++++ Source records

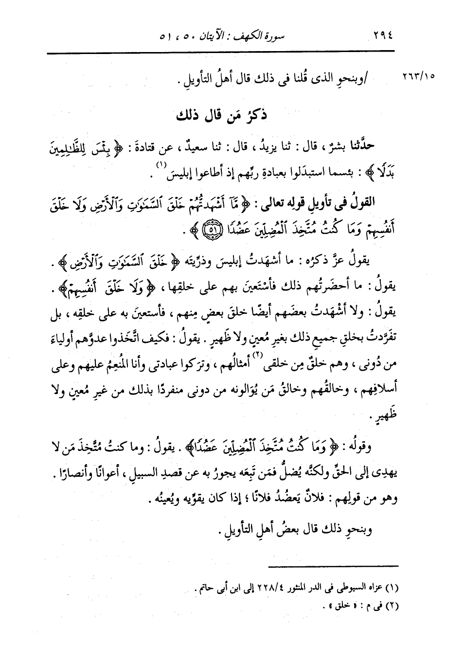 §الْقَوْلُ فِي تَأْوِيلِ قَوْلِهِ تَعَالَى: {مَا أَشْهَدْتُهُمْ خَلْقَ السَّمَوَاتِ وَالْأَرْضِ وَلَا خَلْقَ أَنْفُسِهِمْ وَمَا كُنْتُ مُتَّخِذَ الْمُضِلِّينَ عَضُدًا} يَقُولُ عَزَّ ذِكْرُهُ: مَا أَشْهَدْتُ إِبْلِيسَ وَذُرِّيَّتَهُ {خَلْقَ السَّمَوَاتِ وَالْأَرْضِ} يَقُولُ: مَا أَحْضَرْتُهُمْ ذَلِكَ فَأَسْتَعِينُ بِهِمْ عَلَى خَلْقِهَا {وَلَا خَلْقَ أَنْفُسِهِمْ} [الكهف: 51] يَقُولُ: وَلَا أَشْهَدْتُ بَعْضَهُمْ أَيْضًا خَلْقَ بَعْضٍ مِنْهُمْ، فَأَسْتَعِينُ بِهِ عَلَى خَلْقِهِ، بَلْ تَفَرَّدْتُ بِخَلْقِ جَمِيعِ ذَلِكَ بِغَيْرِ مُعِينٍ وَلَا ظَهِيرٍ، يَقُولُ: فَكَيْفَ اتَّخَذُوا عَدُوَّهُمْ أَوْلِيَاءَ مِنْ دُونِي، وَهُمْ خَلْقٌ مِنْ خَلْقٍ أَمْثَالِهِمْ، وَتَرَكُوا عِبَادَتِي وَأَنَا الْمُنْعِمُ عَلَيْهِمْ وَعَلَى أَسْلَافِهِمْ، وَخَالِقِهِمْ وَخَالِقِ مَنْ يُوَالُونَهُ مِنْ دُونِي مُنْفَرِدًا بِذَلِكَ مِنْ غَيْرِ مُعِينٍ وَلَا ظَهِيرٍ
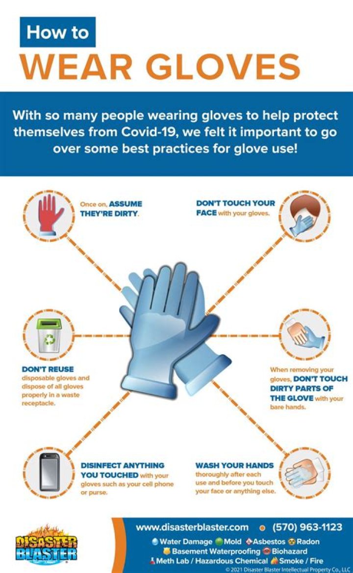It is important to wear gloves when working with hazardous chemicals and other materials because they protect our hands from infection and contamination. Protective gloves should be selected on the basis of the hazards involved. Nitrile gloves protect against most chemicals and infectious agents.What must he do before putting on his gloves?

++++++++
++++ Source records

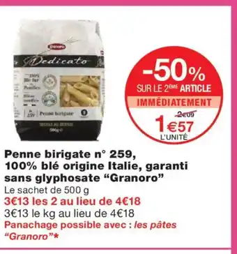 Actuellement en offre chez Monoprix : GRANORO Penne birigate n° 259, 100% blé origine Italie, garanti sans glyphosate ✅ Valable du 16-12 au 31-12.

++++++++

• [What is being asked] Return word for word the lines of the listing above, starting at the line with "مِنْ غَيْرِ مُعِينٍ وَلَا ظَهِيرٍ" and ending at the line with "It is important", both included. Pictures do not belong in the copy.

• [Answer for this exercise]
 §الْقَوْلُ فِي تَأْوِيلِ قَوْلِهِ تَعَالَى: {مَا أَشْهَدْتُهُمْ خَلْقَ السَّمَوَاتِ وَالْأَرْضِ وَلَا خَلْقَ أَنْفُسِهِمْ وَمَا كُنْتُ مُتَّخِذَ الْمُضِلِّينَ عَضُدًا} يَقُولُ عَزَّ ذِكْرُهُ: مَا أَشْهَدْتُ إِبْلِيسَ وَذُرِّيَّتَهُ {خَلْقَ السَّمَوَاتِ وَالْأَرْضِ} يَقُولُ: مَا أَحْضَرْتُهُمْ ذَلِكَ فَأَسْتَعِينُ بِهِمْ عَلَى خَلْقِهَا {وَلَا خَلْقَ أَنْفُسِهِمْ} [الكهف: 51] يَقُولُ: وَلَا أَشْهَدْتُ بَعْضَهُمْ أَيْضًا خَلْقَ بَعْضٍ مِنْهُمْ، فَأَسْتَعِينُ بِهِ عَلَى خَلْقِهِ، بَلْ تَفَرَّدْتُ بِخَلْقِ جَمِيعِ ذَلِكَ بِغَيْرِ مُعِينٍ وَلَا ظَهِيرٍ، يَقُولُ: فَكَيْفَ اتَّخَذُوا عَدُوَّهُمْ أَوْلِيَاءَ مِنْ دُونِي، وَهُمْ خَلْقٌ مِنْ خَلْقٍ أَمْثَالِهِمْ، وَتَرَكُوا عِبَادَتِي وَأَنَا الْمُنْعِمُ عَلَيْهِمْ وَعَلَى أَسْلَافِهِمْ، وَخَالِقِهِمْ وَخَالِقِ مَنْ يُوَالُونَهُ مِنْ دُونِي مُنْفَرِدًا بِذَلِكَ مِنْ غَيْرِ مُعِينٍ وَلَا ظَهِيرٍ
It is important to wear gloves when working with hazardous chemicals and other materials because they protect our hands from infection and contamination. Protective gloves should be selected on the basis of the hazards involved. Nitrile gloves protect against most chemicals and infectious agents.What must he do before putting on his gloves?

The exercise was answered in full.